» **DATA SEGMENT**
______

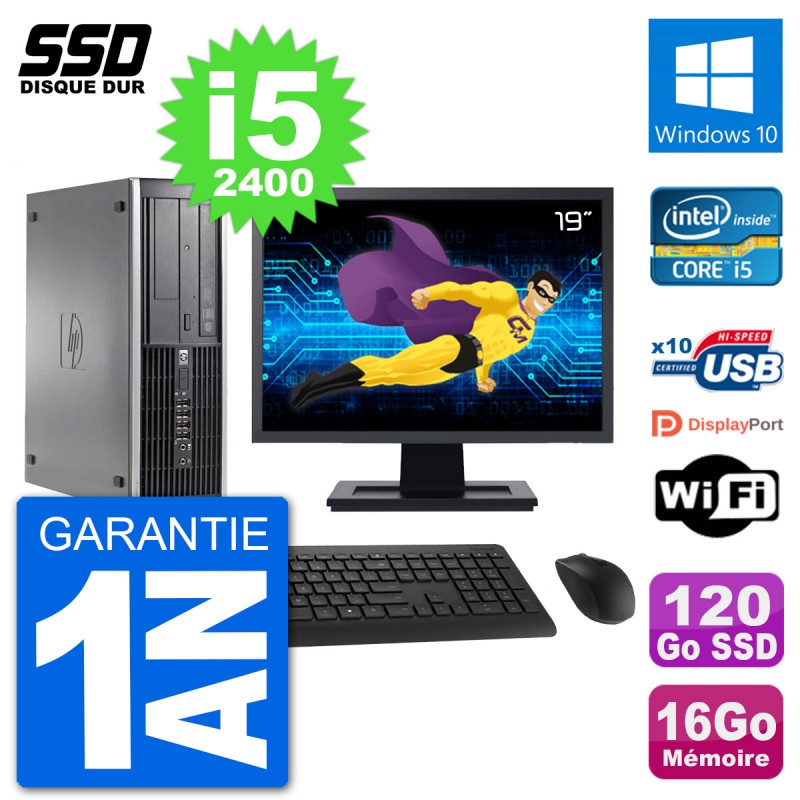 PC HP Compaq 6200 Pro SFF Ecran 19" i5-2400 RAM 16Go SSD 120Go Windows 10 Wifi
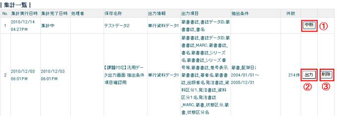 集計中の出力情報を中止したい場合は、中止したい項目の中断〈画面9−@〉をクリックして、集計を
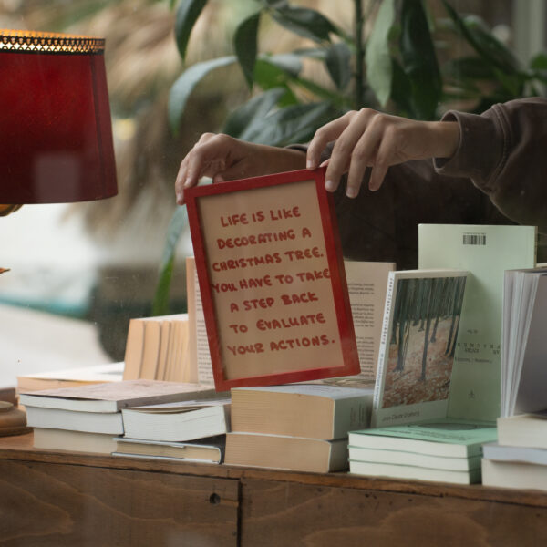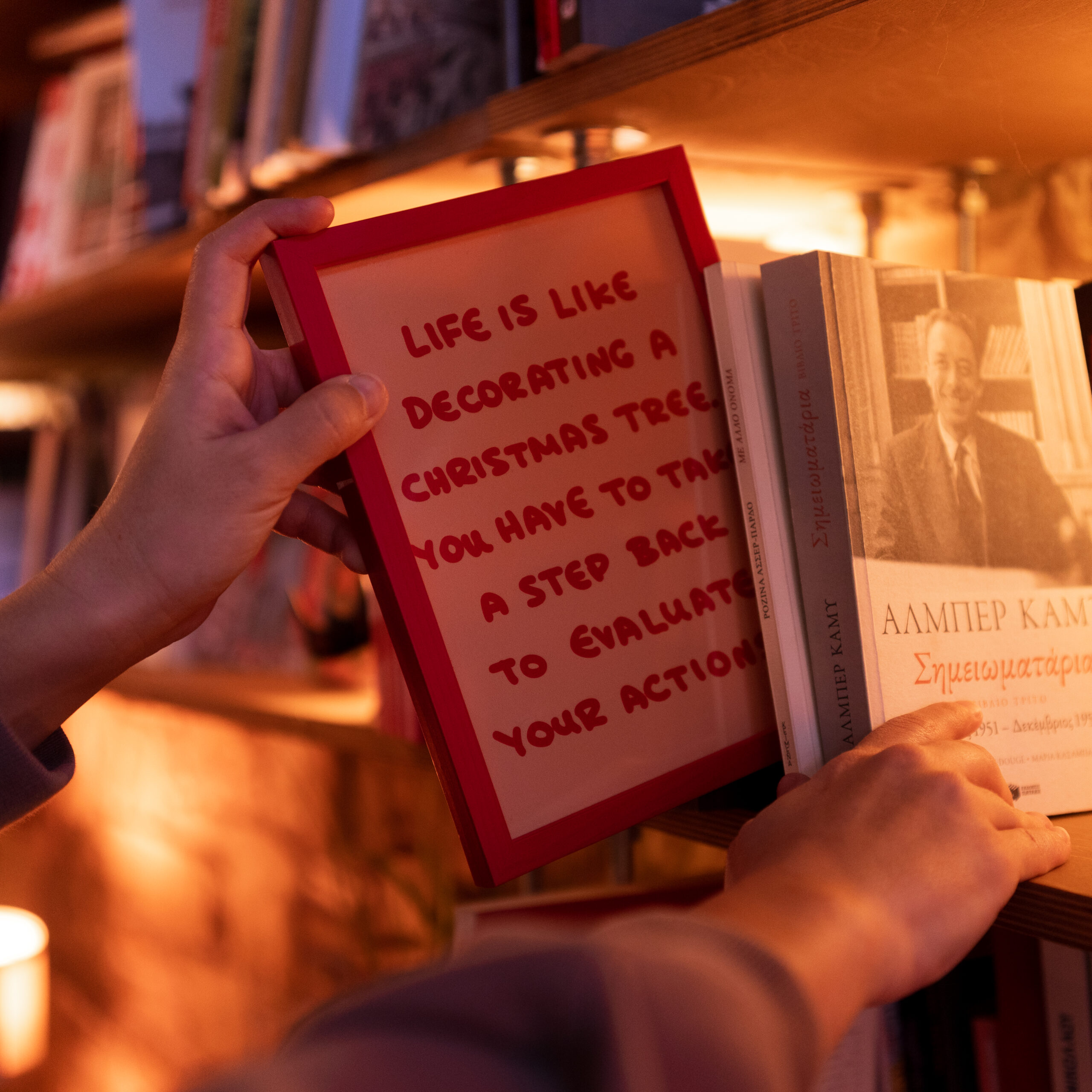 Μετάφρασέ μου το κείμενο «Η ζωή είναι σαν να στολίζεις χριστουγεννιάτικο δέντρο. Πρέπει να κάνεις ένα βήμα πίσω για να αξιολογήσεις τις πράξεις σου».

______

» **REQUIRED ACTION**
Print all the material above exactly, and drop the images.

» **EXERCISE ANSWER**
 PC HP Compaq 6200 Pro SFF Ecran 19" i5-2400 RAM 16Go SSD 120Go Windows 10 Wifi
 集計中の出力情報を中止したい場合は、中止したい項目の中断〈画面9−@〉をクリックして、集計を
 Μετάφρασέ μου το κείμενο «Η ζωή είναι σαν να στολίζεις χριστουγεννιάτικο δέντρο. Πρέπει να κάνεις ένα βήμα πίσω για να αξιολογήσεις τις πράξεις σου».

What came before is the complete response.